▶ **WHAT YOU SHOULD DO**
Transcribe the listing word for word, beginning at its first line and ending at the line containing "04:31:03Der Streamer erzählt"; omit the pictures.

▶ **DATASET EXCERPT**
※ ※ ※

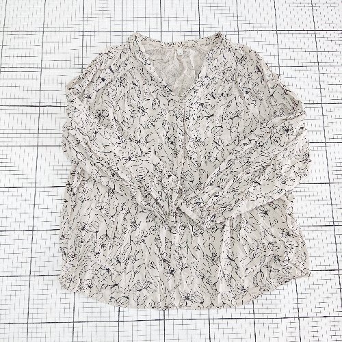 ◇ Θ GLOBAL WORK グローバルワーク 花柄 長袖 ブラウス カットソー サイズXL ライトベージュ系 レディース E
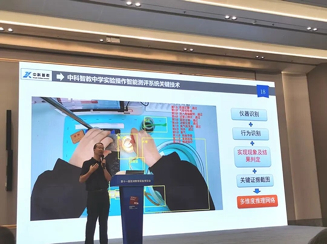 中科智教(蘇州)智能科技有限公司的丁志斌聚焦中學(xué)實驗教學(xué),分享了題為《人工智能在中學(xué)實驗教學(xué)及考試中的應(yīng)用》。他通過實際案例,展示AI技術(shù)在實驗操作評價、智能監(jiān)考與個性化反饋中的具體應(yīng)用,為實驗教學(xué)數(shù)字化轉(zhuǎn)型提供了新思路。
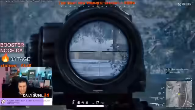04:31:03Der Streamer erzählt von einer Aktion mit seinem Vater, bei der er Gegenstände in einem Spiel looten wollte. Er berichtet, ein Brecheisen gefunden und ein Haus geplündert zu haben. Es kommt zu einem Gespräch über Stream-Sniping, wobei ein Zuschauer erwähnt wird, der den Streamer auf seiner Leiche verspottet. Der Streamer diskutiert über die Taktik des Gegners und seine eigene Position im Spiel, wobei er seine Markenliste erwähnt.
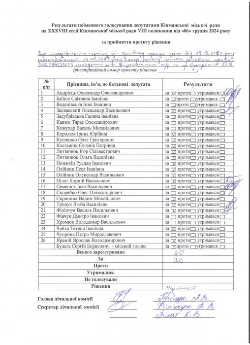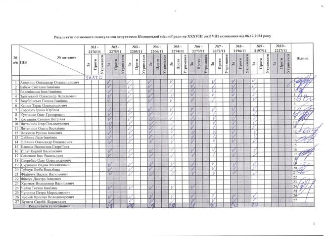 XXXV²²² ñåñ³ÿ ʳöìàíñüêî¿ ì³ñüêî¿ ðàäè V²II ñêëèêàííÿ â³ä 06.12.2024 ðîêó > Ðåçóëüòàòè ïî³ìåííîãî ãîëîñóâàííÿ íà XXXV²²² ñåñ³¿ ʳöìàíñüêî¿ ì³ñüêî¿ ðàäè VIII ñêëèêàííÿ â³ä 06.12.2024 ðîêó

※ ※ ※

▶ **FINAL ANSWER**
 ◇ Θ GLOBAL WORK グローバルワーク 花柄 長袖 ブラウス カットソー サイズXL ライトベージュ系 レディース E
 中科智教(蘇州)智能科技有限公司的丁志斌聚焦中學(xué)實驗教學(xué),分享了題為《人工智能在中學(xué)實驗教學(xué)及考試中的應(yīng)用》。他通過實際案例,展示AI技術(shù)在實驗操作評價、智能監(jiān)考與個性化反饋中的具體應(yīng)用,為實驗教學(xué)數(shù)字化轉(zhuǎn)型提供了新思路。
04:31:03Der Streamer erzählt von einer Aktion mit seinem Vater, bei der er Gegenstände in einem Spiel looten wollte. Er berichtet, ein Brecheisen gefunden und ein Haus geplündert zu haben. Es kommt zu einem Gespräch über Stream-Sniping, wobei ein Zuschauer erwähnt wird, der den Streamer auf seiner Leiche verspottet. Der Streamer diskutiert über die Taktik des Gegners und seine eigene Position im Spiel, wobei er seine Markenliste erwähnt.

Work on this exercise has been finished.